% Generated by roxygen2: do not edit by hand
% Please edit documentation in R/sample_dat.R
\name{sample_dat}
\alias{sample_dat}
\title{Sample time series data}
\usage{
sample_dat(datin, smps = "mcar", repetition = 10, b = 10, blck = 50,
  blckper = TRUE, plot = FALSE)
}
\arguments{
\item{datin}{input numeric vector}

\item{smps}{chr string of sampling type to use, options are \code{"mcar"} or \code{"mar"}}

\item{repetition}{numeric for repetitions to be done for each missPercent value}

\item{b}{numeric indicating the total amount of missing data as a percentage to remove from the complete time series}

\item{blck}{numeric indicating block sizes as a proportion of the sample size for the missing data}

\item{blckper}{logical indicating if the value passed to \code{blck} is a proportion of \code{missper}, i.e., blocks are to be sized as a percentage of the total size of the missing data}

\item{plot}{logical indicating if a plot is returned showing the sampled data, plots only the first repetition}
}
\value{
Input data with \code{NA} values for the sampled observations if \code{plot = FALSE}, otherwise a plot showing the missing observations over the complete dataset.

The missing data if \code{smps = 'mar'} are based on random sampling by blocks.  The start location of each block is random and overlapping blocks are not counted uniquely for the required sample size given by \code{b}.  Final blocks are truncated to ensure the correct value of \code{b} is returned.  Blocks are fixed at 1 if the proportion is too small, in which case \code{"mcar"} should be used.  Block sizes are also truncated to the required sample size if the input value is too large if \code{blckper = FALSE}.  For the latter case, this is the same as setting \code{blck = 1} and \code{blckper = TRUE}.
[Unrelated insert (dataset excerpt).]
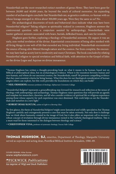 Neanderthals are the most-researched extinct members of genus Homo. They have been gone for between 28,000 and 40,000 years, far beyond the reach of cultural memories. An expanding number of archaeologists conclude that Neanderthals are, as genetics confirms, co-human with us whose lineage emerged in Africa about 300,000 years ago. Were they the same as us? No. Do archaeological discoveries of tools and behavioral clues indicate what may have been Neanderthal religion? Taking religion as spirituality realized in common, Hughson answers the controversial question with a conjecture assisted by anthropology. Neanderthals were hunter-gatherer animists associated with bears, burials, defleshed bones, and care for invalids. Hughson goes further, exploring a theology of Neanderthal animism. He argues it was an early, non-verbal revelation of the divine. Experiential consciousness of being-alive meshed with all living things in one web of life that exceeded any living individual. Neanderthals encountered the source of being-alive filtered through nature and the cosmos. Far from complete, the encounter may have had an acuity lost to modernity and many Christians. The book concludes by relating Neanderthal religion to special revelation and biblical faith, with attention to the Gospel of John on the divine Logos and Aquinas on divine immanence.

For all cases, the first and last observation will never be removed to allow comparability of interpolation schemes.  This is especially relevant for cases when \code{b} is large and \code{smps = 'mar'} is used.  For example, \code{method = na.approx} will have rmse = 0 for a dataset where the removed block includes the last n observations. This result could provide misleading information in comparing methods.
}
\description{
Sample time series using completely at random (MCAR) or at random (MAR)
}
\examples{
a <- rnorm(1000)

# default sampling
sample_dat(a)

# use mar sampling
sample_dat(a, smps = 'mar')

# show a plot of one repetition
sample_dat(a, plot = TRUE)

# show a plot of one repetition, mar sampling
sample_dat(a, smps = 'mar', plot = TRUE)

# change plot aesthetics
library(ggplot2)
p <- sample_dat(a, plot = TRUE)
p + scale_colour_manual(values = c('black', 'grey'))
p + theme_minimal()
p + ggtitle('Example of simulating missing data')
}